Saturday 18 April 2015

Terlalu Lama Aku Pendam

Rasanya kegeramanku ini sudah tak dapat lagi aku tahan. Ingin sekali aku meluapkannya. Tetapi entah pada siapa.
Rasanya luka ini terkelupas lagi. Luka yang sudah hampir aku lupakan ini tergores lagi oleh karenanya. Sakit. Sungguh sakit. Perih rasanya.
Aku coba memulihkannya. Aku coba menyembuhkannya. Tetapi rasanya tak ada yang dapat menyembuhkan luka ini. Sungguh dalam. Sungguh sakit.
Ku rasakan sakitnya sampai ke pori-pori kulit terdalam. Tak lagi di epidermis. Tetapi lebih dalam lagi.
Rasanya sistem imunku ini sudah tak dapat menghancurkan dan membunuh bakteri dan virus yang melukai hatiku.
Terlambat sudah.

Bodoh, aku memang bodoh.
Membiarkan mereka masuk dalam kehidupan kami. Mengapa aku lakukan itu?
Sungguh, aku benar-benar telah merusak semuanya.
Seharusnya sekarang aku masih bersama mereka.
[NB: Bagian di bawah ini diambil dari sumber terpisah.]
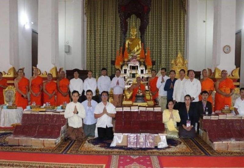 A Myanmar delegation led by Union Minister for Health Dr Thet Khaing Win accompanied by Myanmar Ambassador to Laos U Aung Ko, Myanmar Military Attaché (Army, Navy and Air) Brig-Gen Khin Maung Soe attended the ceremony of offering Tri Pitakat treatises approved by Sixth Buddhist Synod donated by State Administration Council Chairman Prime Minister Senior General Min Aung Hlaing at Thatluang Sangha Nayaka Tipitaka Monastery in Vientiane of Laos, yesterday morning.
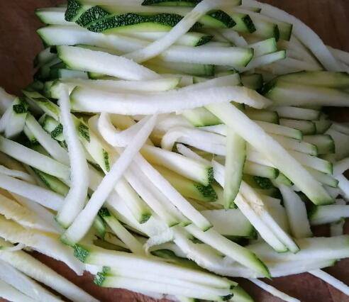 1、小南瓜清洗好,切片后切丝。
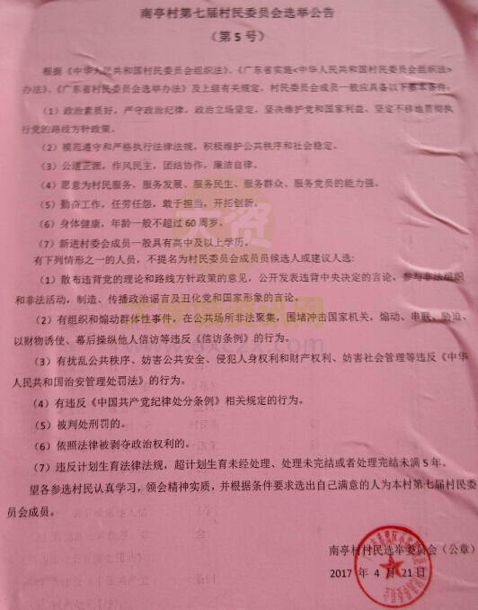 | 南亭村第七届村民委员会选举公告(第5号) | ||||||
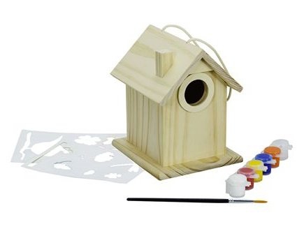 C’est un kit qu’elle a eu en cadeau pour ses trois ans : le nichoir à oiseaux à décorer de Jardikid. Il comprend un abri en bois, des pochoirs en carton, un pinceau, de la peinture et du vernis transparent.
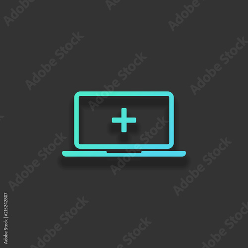 © fokas.pokas, Fototapeta premium Laptop or notebook computer with medical cross on screen. Simple
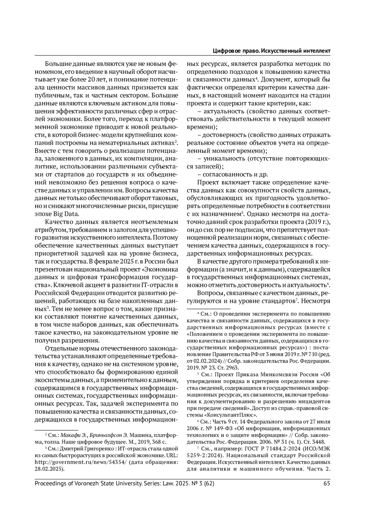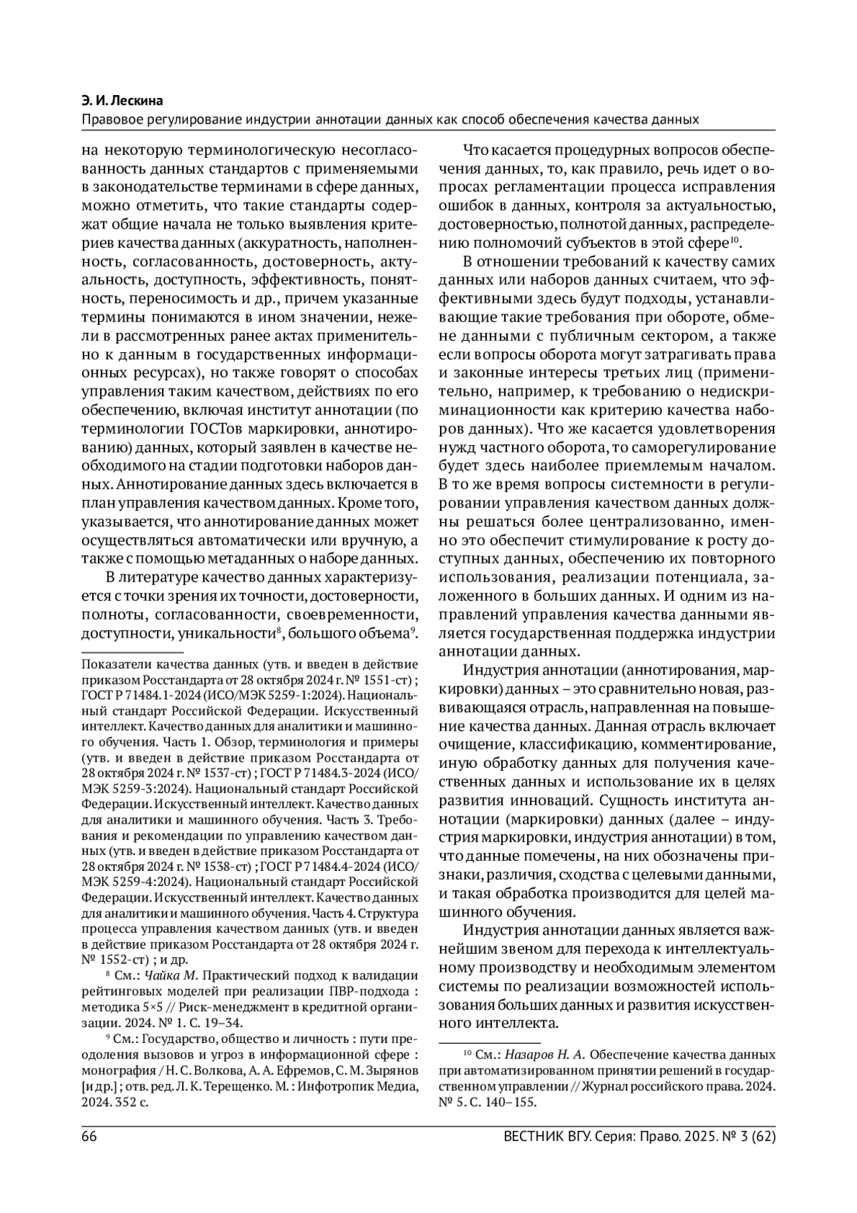 7. Назаров Н. А. Обеспечение качества данных при автоматизированном принятии решений в государственном управлении // Журнал российского права. 2024. № 5. С. 140-155. EDN: AFDYLP

Tertawa dan berbagi bersama.
Seharusnya aku masih memiliki kesempatan untuk menghapus semua kesedihan dan air matanya.
Seharusnya aku yang memberikan tissue dan pundakku untuk ia bersandar.
Tetapi keadaan telah berubah.
Bukan karena dia maupun mereka.
Tetapi karena diriku.

Bagaikan gelas yang pecah.
Angin yang bertiup.
Air mengalir.
Begitulah perbuatanku.
Sudah tak dapat ku kembalikan seperti sedia kala.
Kebodohanku ini sungguh tak dapat lagi aku toleransikan.
Kekeliruanku, kecerobohanku.
Tak seharusnya aku memberinya kesempatan untuk bersamamu.
Tak seharusnya aku membiarkan kalian semakin dekat dan berjalan perlahan pergi meninggalkanku
Tak seharusnya aku memberinya celah untuk mengambilmu dariku
Dari sisi dan pelukanku
Dari dekapanku
Dari tanganku

Tangan yang semula kau pegang erat
Tangan yang semula kau pakai tuk hapus pilumu
Tangan yang kau sandari ketika kau butuh sandaran
Tangan yang selalu berusaha ada untukmu
Tangan kini telah engkau campakkan begitu saja

Kemana engkau wahai sahabatku?
Bukankah dulu engkau pernah berjanji untuk selalu bersamaku?
Kemana sudah air mata kesedihanmu?
Yang semula kau pakai untuk menangisi kepergianku
Kemana semua kata-kata manismu untuk tak meninggalkanku?
Yang kau gunakan untuk menghiburku,
Kemana sudah kenangan yang kita miliki?
Apakah hubungan kita kini sudah tak bermakna?
Karena jarak yang memisahkan?
Atau karena intelejensi yang kita miliki tak sama?
Atau karena hobi dan kesenangan kita berbeda?
Sungguh hanya karena itu?
Sungguh miris hubungan ini.
Untuk apa kita membangun hubungan ini selama bertahun-tahun.
Beratus-ratus minggu kita lalui bersama.
Beribu-ribu hari kita jalani bersama.
Berjuta-juta menit penuh tawa dan kesedihan.
Berakhir dengan tahun-tahun kepahitan.
Yang kini hanya tinggal kenangan.
Atau hanya memori belaka?
Yang sudah hampir tak pernah kau ingat lagi.
Atau memang yang sudah terlupakan.

Selamat tinggal wahai kawan lama.
Semoga kalian berbahagia bersama.
Bersatu dalam segala kondisi.
Tak meninggalkan dan melupakan satu dengan yang lain.
Ku doakan yang terbaik untuk kalian.
Aku mengasihimu.


Puisi dan karangan ini dibuat untuk seseorang, hanya seseorang, dan didedikasikan kepada seseorang yang sangat amat ku kasihi dan sudah ku anggap seperti halnya saudaraku sendiri. Aku sadar aku sepatutnya tak semudah itu menyayangi orang itu, seperti dengan mudahnya ia melupakanku. Tetapi aku tak bisa berhenti menyayanginya, bahkan menganggapnya tak ada. Aku mengasihimu kawan. Tak peduli kau membacanya atau tidak. Tak peduli kau mengasihiku atau tidak.